Tissue engineering technology may provide an alternative approach for building a functional urinary conduit to store urine for patients with bladder cancer who require total cystectomy. Various biodegradable scaffolds seeded with cells have been introduced for bladder reconstruction or urinary conduit procedures. Most of these biomaterials are biodegradable, including natural collagen materials i.e. bladder submucosa, (BSM) [2], small intestine submucosa (SIS) [3] or collagen type I matrix [4] and synthetic polymers such as polyglycolic acid (PGA), poly (lactic-co-glycolic acid) (PLGA)[5], [6] and biocarbon [7]. Most degradable biomaterials, promote cellular interaction and tissue development, and possess adequate mechanical and physical properties. However, natural collagen scaffolds cannot maintain a robust physical structure in an in vivo environment when used in total or subtotal bladder replacement, resulting in graft collapse, contraction, formation of fibrosis, and shrinkage of the new bladder, with resultant decreased bladder capacity [8]. A biomaterial with a retained hollow structure, anti-fibrosis properties, and a 3D porous microstructure for graft cell seeding would be highly desirable for creating a viable tissue-engineered urinary conduit.
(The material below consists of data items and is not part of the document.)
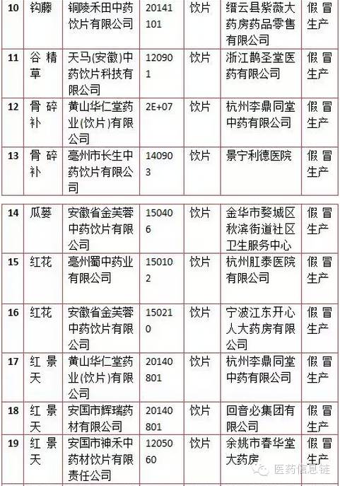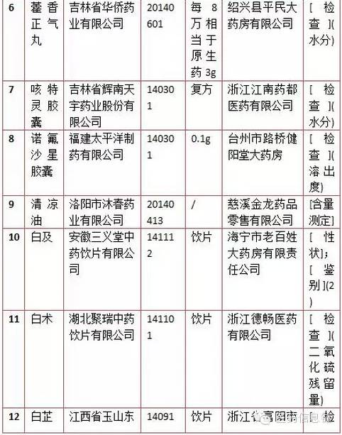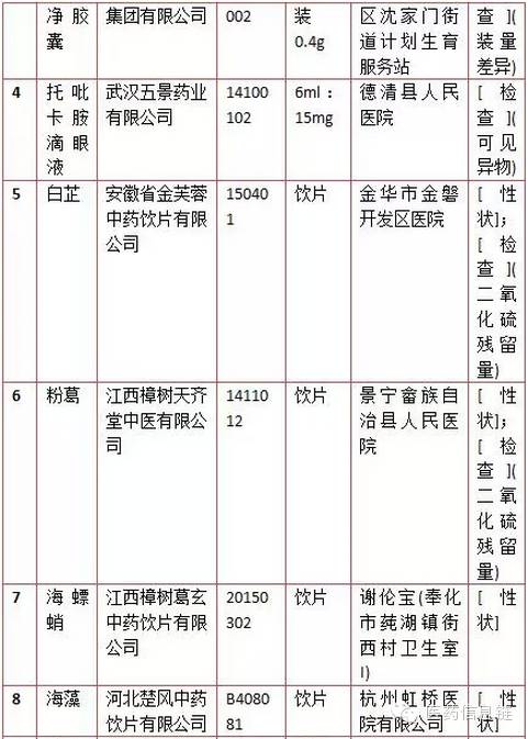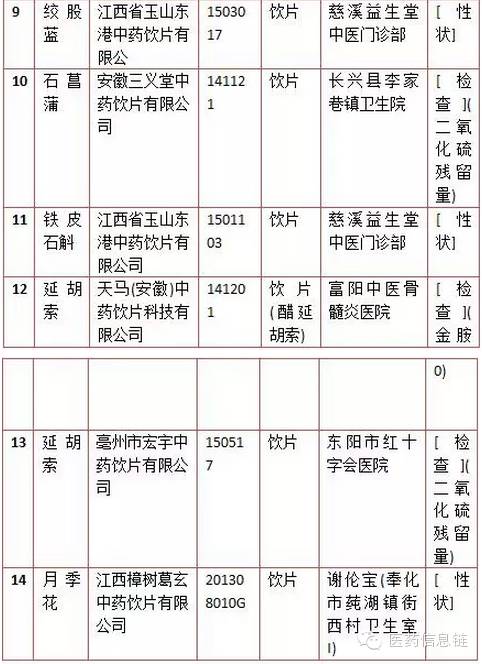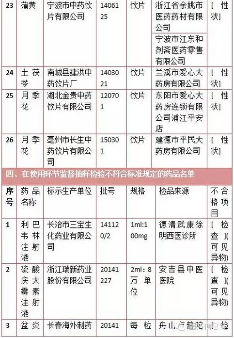 四、在使用環節監督抽樣檢驗不符合標準規定的藥品名單:有14批次,10批次為中藥飲片。
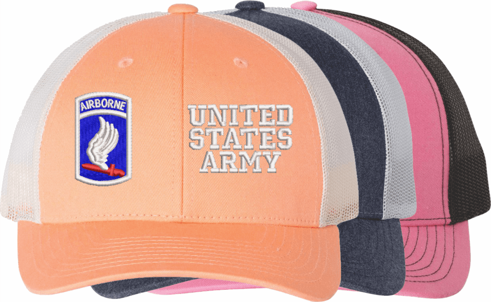 MilitaryBest is proud to offer this Mesh Back U.S. Army 173rd Airborne Brigade United States Army Women's Split-Cap. The design is embroidered onto a 6x panel mid/low profile mesh back cap and is crisp, clean, and sure to be loved by all! As with all MilitaryBest caps and apparel your satisfaction is guaranteed!Caps ordered with embroidered back text requires an additional 1 to 2 days of production time. All personalized caps will be embroidered in ALL CAPITAL LETTERS. Caps personalized with back text are not returnable unless there is a material defect in the cap.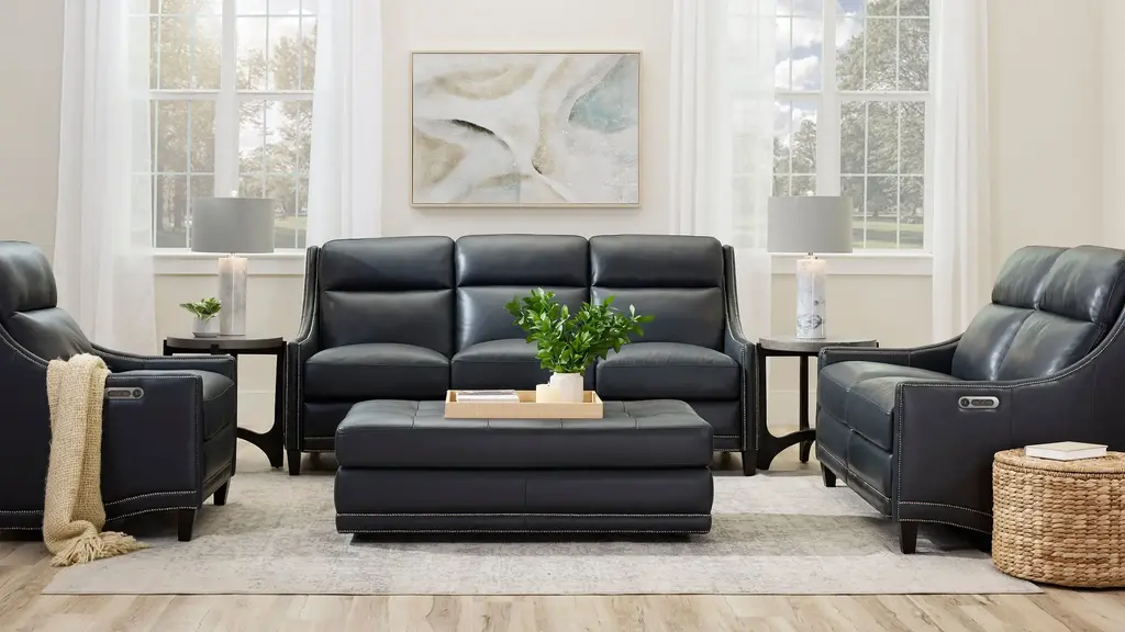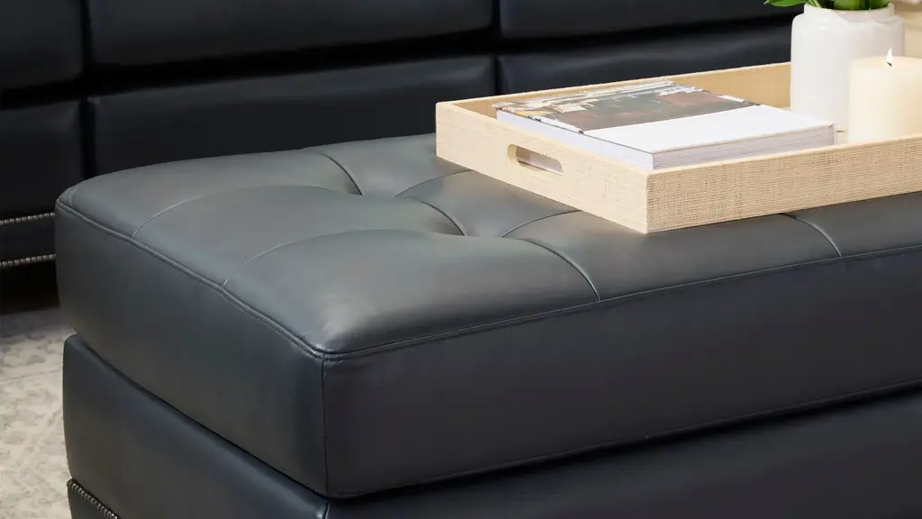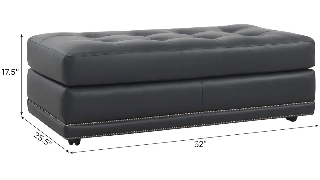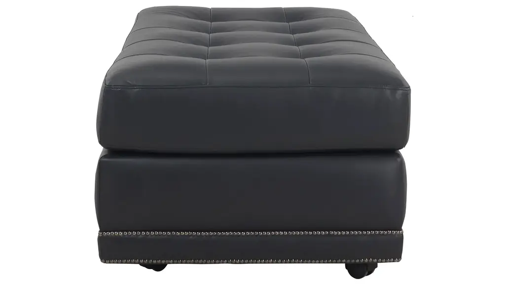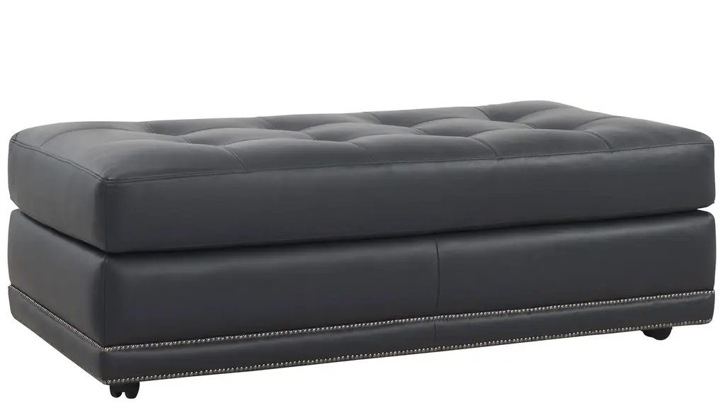 Indulge in the comfort and sophistication of the timeless Sebastian leather cocktail ottoman with casters. A versatile piece for use as a footrest, extra seat, or cocktail table, it features top grain leather in unforgettable blue or tranquil gray for a touch of luxury with functional benefits you'll love.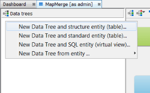 Alternatively, you could complete the same result with operations in the schema editor with the same result. Create a structures entity in the entities tab by right clicking New Structure entity (table)... . Then at the data tree level, promote it using New Data tree from entity ... Additionally, you can create the entity directly at the data tree level by selecting New Data Tree and structure entity (table)...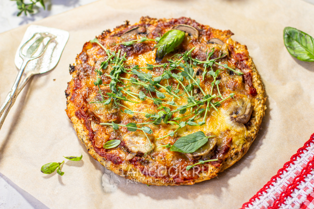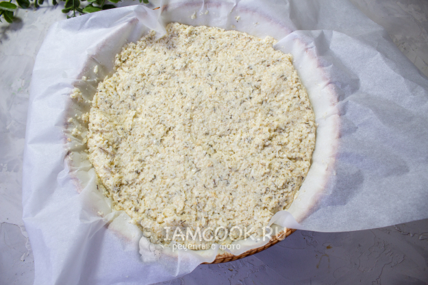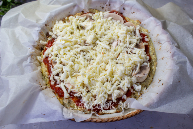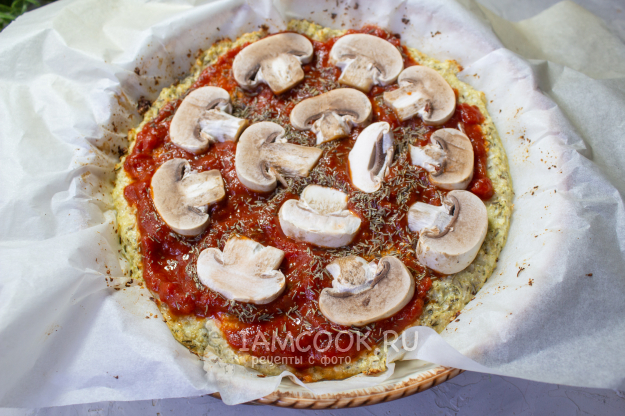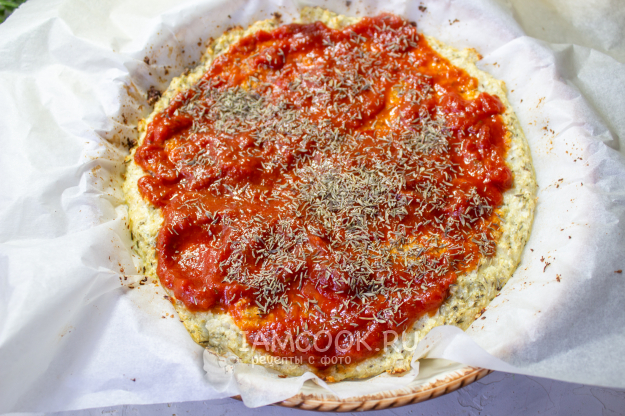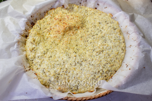 Круглую форму диаметром 26-28 см с низкими бортами выстелите пергаментом. На него выложите приготовленную основу из цветной капусты, разровняйте руками или лопаткой в пласт толщиной в 1-1,5 см. Поставьте в разогретую до 180 градусов духовку на 15 минут.

Tissue-engineered urinary conduits and tissue-engineered bladders are similar in structure, but different in function. Both constructs require a hollow structure lined with urothelium on the lumen side. A new bladder or conduit covered with urothelial tissue can prevent stone, calcification, or scar formation caused by the naked muscle layer or biomaterial being directly exposed to urine [9], [10]. However, tissue-engineered urinary conduits are mainly used to store urine and they are emptied via catheterization in continent diversion or a channel in conduit diversion. Unlike engineered bladder tissue, an engineered conduit does not need to contract to empty itself, and thus the development of a thick muscular wall is not required. Furthermore, tissue-engineered bladders must be constructed using a degradable biomaterial to allow the necessary muscle contractility to develop, but this type of contractility is not required for the development of functional tissue-engineered conduits. Although either resorbable or non-resorbable materials can be used in tissue-engineered urinary conduits, a non-resorbable bacterial cellulose material can be an attractive alternative.
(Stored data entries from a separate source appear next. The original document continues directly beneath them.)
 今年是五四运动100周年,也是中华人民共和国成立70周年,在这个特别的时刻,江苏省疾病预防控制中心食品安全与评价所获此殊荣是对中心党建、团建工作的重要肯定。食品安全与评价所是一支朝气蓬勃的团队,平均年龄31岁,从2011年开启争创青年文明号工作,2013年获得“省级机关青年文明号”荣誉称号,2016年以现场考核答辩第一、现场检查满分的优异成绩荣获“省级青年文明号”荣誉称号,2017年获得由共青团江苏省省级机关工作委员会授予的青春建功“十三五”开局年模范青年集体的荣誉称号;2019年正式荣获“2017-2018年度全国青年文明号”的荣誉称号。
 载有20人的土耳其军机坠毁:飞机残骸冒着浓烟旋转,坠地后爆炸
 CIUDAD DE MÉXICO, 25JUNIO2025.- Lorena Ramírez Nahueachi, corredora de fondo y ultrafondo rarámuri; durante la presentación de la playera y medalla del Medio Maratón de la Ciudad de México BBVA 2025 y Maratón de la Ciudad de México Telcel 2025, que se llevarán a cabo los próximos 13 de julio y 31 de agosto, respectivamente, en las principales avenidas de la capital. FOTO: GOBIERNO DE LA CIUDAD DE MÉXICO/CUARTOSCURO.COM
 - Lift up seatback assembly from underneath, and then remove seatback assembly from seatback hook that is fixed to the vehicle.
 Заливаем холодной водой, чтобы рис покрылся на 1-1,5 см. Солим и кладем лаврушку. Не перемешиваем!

Bacterial cellulose is a natural biopolymer and consists of a network of nanofibrils which possess high mechanical strength [11]. This material is highly hydrophilic, non-cytotoxic, and stable within a wide range of temperatures and pH levels. Although bacterial cellulose polymer is non-degradable, it is an FDA-approved material used clinically in wound dressing [12], and it has been evaluated to repair cartilage, provide drug delivery, and replace dura mater or small-caliber blood vessels [13], [14], [15], [16]. Thus, this biomaterial might be a good candidate as scaffold for fabricating a urinary conduit.
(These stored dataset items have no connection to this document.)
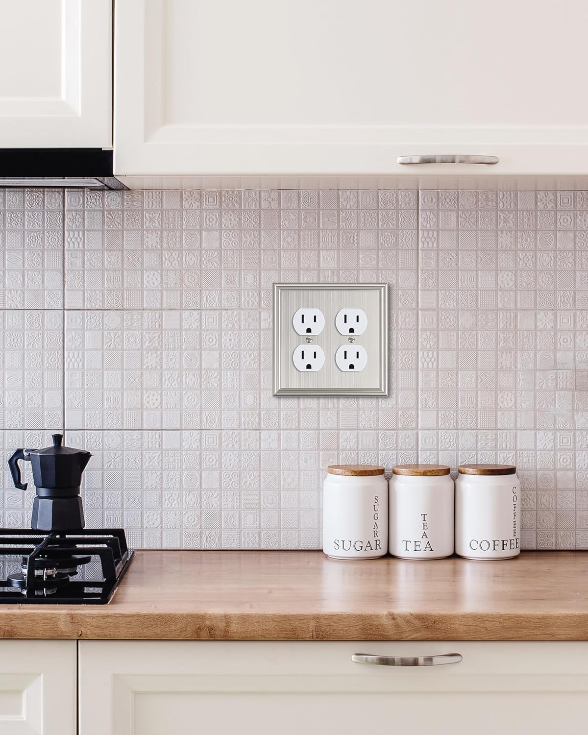 • Wide Application - Versatile and easy to match, These decorative outlet covers are compatible with Duplex Outlet, Double Light Switch. Complements any interior style, whether your decor is modern, traditional, or contemporary, this brushed nickel switch plate cover seamlessly blends in and glams up your wall.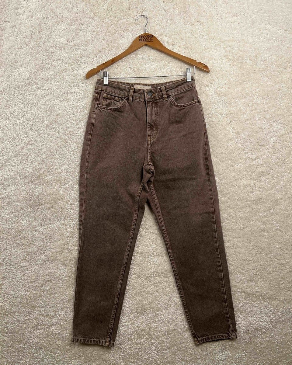 100% Cotton Mom Jeans in Reddish Brown Color- Size: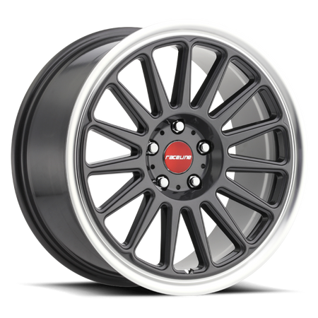 Raceline 315G Grip 18x8.5in / 5x100 BP / 35mm Offset / 72.6mm Bore - Gunmetal & Machined Wheel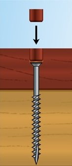 - lors de la pose d’une terrasse avec vis apparentes, pour boucher les trous réalisés par erreur ou masquer les défauts de belles lames (trous de vers, petits noeuds…)
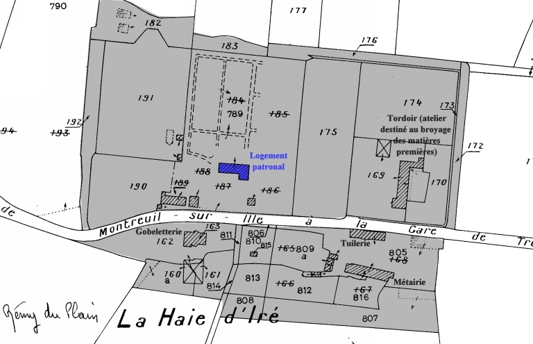 Sous l’Ancien Régime, les seigneurs de la Haie d’Iré exerçaient un droit de haute justice à Saint-Rémy-du-Plain. Les textes nous renseignent sur les propriétaires successifs du manoir. Ainsi, nous savons qu’il appartient à Guillemette de Guitté, le femme de Guillaume de Tullaye en 1442 ; aux de la Villéon, seigneurs de Ville-Marie en 1549 ; aux de la Charonnière, seigneurs de Melesse en 1598 ; aux de la Bellière, seigneurs de Saint-Pierre en 1615 ; aux de Rosnyvinen, seigneurs d’Astillé en 1652 ; aux de Montaudouin, sieurs de la Clartière en 1728 et aux du Plessis, marquis de Grenédan en 1765. Le manoir est confisqué à la Révolution et vendu en 1793 à Monsieur Morin qui fonde quelques années plus tard, à l’aide de deux associés, une verrerie spécialisée dans le verre plat et la fabrication de vases pour la pharmacie et la chimie entre 1803 et 1860. Le manoir abrite alors la fonction de logis patronal.

Another critical factor in generating tissue-engineered urinary conduits for patients with bladder cancer is the cell source. Traditionally, cells obtained from bladder biopsies are a main cell source for cell-based tissue engineering in urinary tract reconstruction. However, healthy cells might not be available in patients with bladder cancer or chronic inflammation. Cancer-free urothelial cells or stem cells from the upper urinary tract provide an alternative cell source. Our recent study demonstrated that urine-derived cells can be collected from the upper urinary tract. These cells possess stem cell features, including self-renewal and multipotential differentiation [unpublished data]. Urine-derived stem cells from the upper urinary tract can be differentiated into urothelial and smooth muscle cells. It would be a simple and low-cost approach to harvest cells from patients who already have a nephrostomy tube in place.

The goal of this study was to produce a tissue-engineered urinary conduit structure with 3D urothelial mucosa using autologous urine-derived stem cells, cultured within 3D porous bacterial cellulose under dynamic culture conditions. This cell-based tissue-engineered conduit may be useful for patients with end-stage bladder diseases who need bladder reconstruction.